OpenText previewed the offerings, scheduled for general release in March, at its annual user conference, Enterprise World, in Las Vegas Wednesday morning, calling it a next generation EIM strategy enabled by OpenText Suite 16 and OpenText Cloud.

The rollout comes at a time when technology vendors catering to on-premises enterprise customers have found themselves under increasing pressure to cloud-enable their offerings and move from providing business intelligence-style reports to predictive analytics tools. For instance, software giant Oracle rolled out its own hybrid strategy at its Open World event last month.

(Image: Ravsonho via Wikimedia Commons)

(Image: Ravsonho via Wikimedia Commons)

During the company's Q1 earnings call last month, OpenText CEO Mark Barrenchea provided financial analysts with a top-level overview of ways the market has changed significantly.

"The IT industry is going through sweeping changes, perhaps the most change I’ve seen in my 30 years in the industry," he said during the call. While OpenText is ranked as a leader in two Gartner Magic Quadrants -- Enterprise Content Management and Web Content Management -- the company is working to build out digital strategies for its customers and for itself.

InformationWeek spoke with Lubor Ptacek, vice president of product marketing about the product launches this week, and the challenges ahead for OpenText.

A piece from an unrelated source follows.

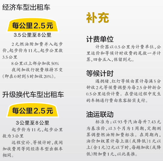 与此同时,此次运价调整方案,鼓励出租车车辆设施、人员素质、技术装备和服务质量进一步提高改善,充分发挥价格杠杆作用,对不同档次的车型进行分类定价,鼓励出租车企业和车主加快对出租车的更新换代。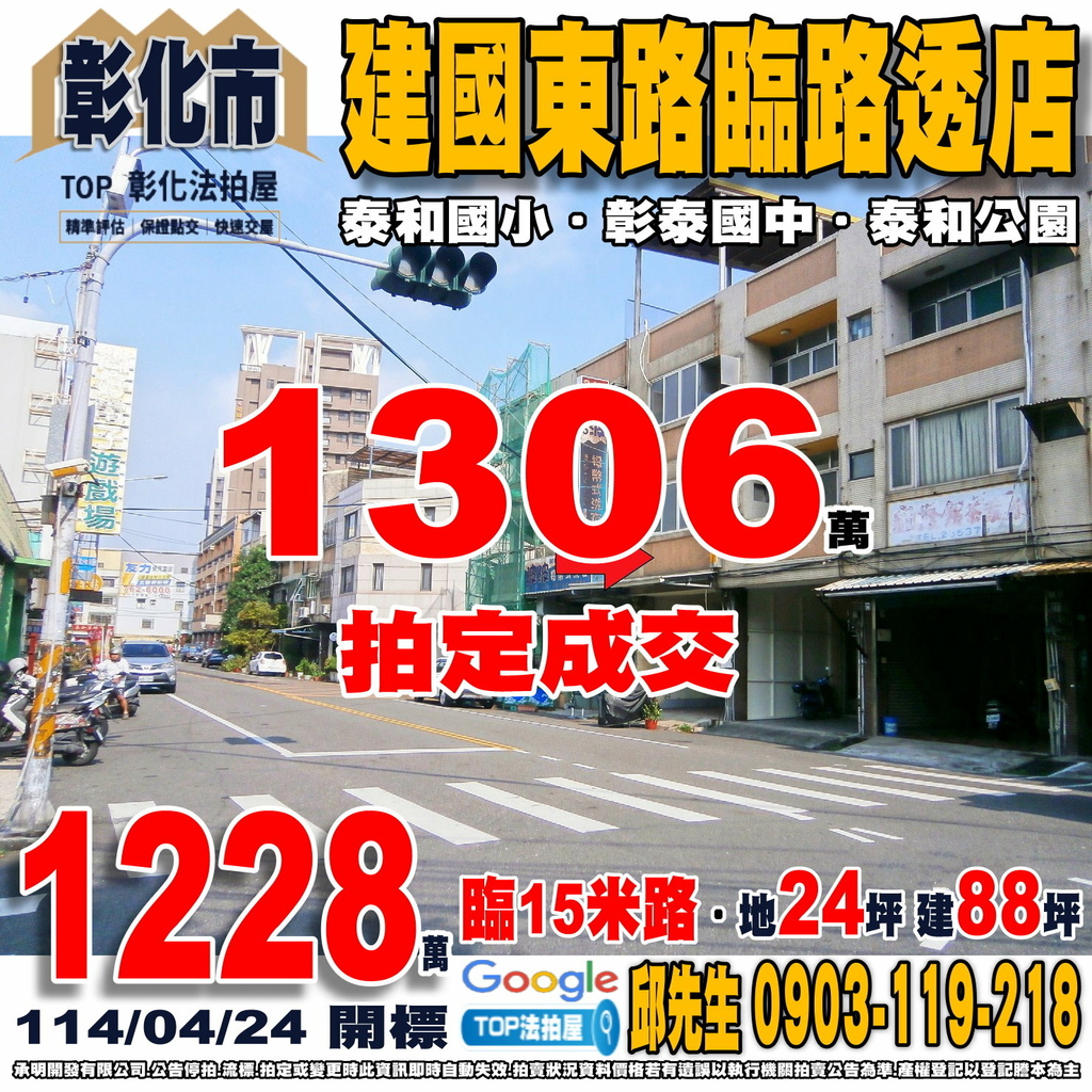 彰化法拍屋》建國東路臨路透店|臨15米路|近泰和國小

"To us, for example, from a traditional enterprise software company sold as a perpetual license, this is a huge change," he said in an interview. "We are adopting to the cloud, retooling products, switching our licensing model from on-premises into a subscription model. It's a significant change for a company like ours, and it requires a lot of changes to our back office policies. … Most of our customers are going through the same change. We are ahead of our customers."

The transformation is not pain-free. OpenText announced a 5% workforce reduction in May in conjunction with a restructuring program designed to simplify the business's structure and support its cloud strategy.

Wednesday's announcements at OpenText's annual user conference are a milestone in the company's effort to gear up for this new market and new competitive era.

OpenText revealed that its project, code-named Blue Carbon, and commercially called OpenText Suite 16 and OpenText Cloud, will be available in March. The company will be soliciting beta customers soon.

OpenText Cloud 16 makes the company's four on-premises suites -- Enterprise Content Management (ECM), Business Process Management (BPM), Customer Experience Management (CEM), and Analytics available in the cloud, too. These will be available to be deployed on both the OpenText Cloud and on third-party cloud platforms.

[Is everyone going to the cloud? No. Find out why Oracle users are not rushing to the cloud.]

OpenText Cloud 16 also adds new integrations with Salesforce and Successfactors, along with a host of other new integrations and features.

OpenText has also improved its analytics capabilities via its acquisition of Actuate in January 2015, and the announcements today deliver on the promise of integrating those capabilities into the company's suite of offerings -- something that Ptacek said will make a big difference for the company's existing customers.

"Virtually all of the solutions our customers use have a need for analytics," he said.

All the updates previewed today are designed to help OpenText's customers be competitive in an era of disrupted markets, Ptacek said.

"Almost every industry is going through this aha moment where you see these new entrants that can be extremely disruptive," he said. "It's what Netflix did to the movie rental industry, and what Amazon has done to bookselling. So our customers are thinking hard about what we need to do to keep our competitive edge."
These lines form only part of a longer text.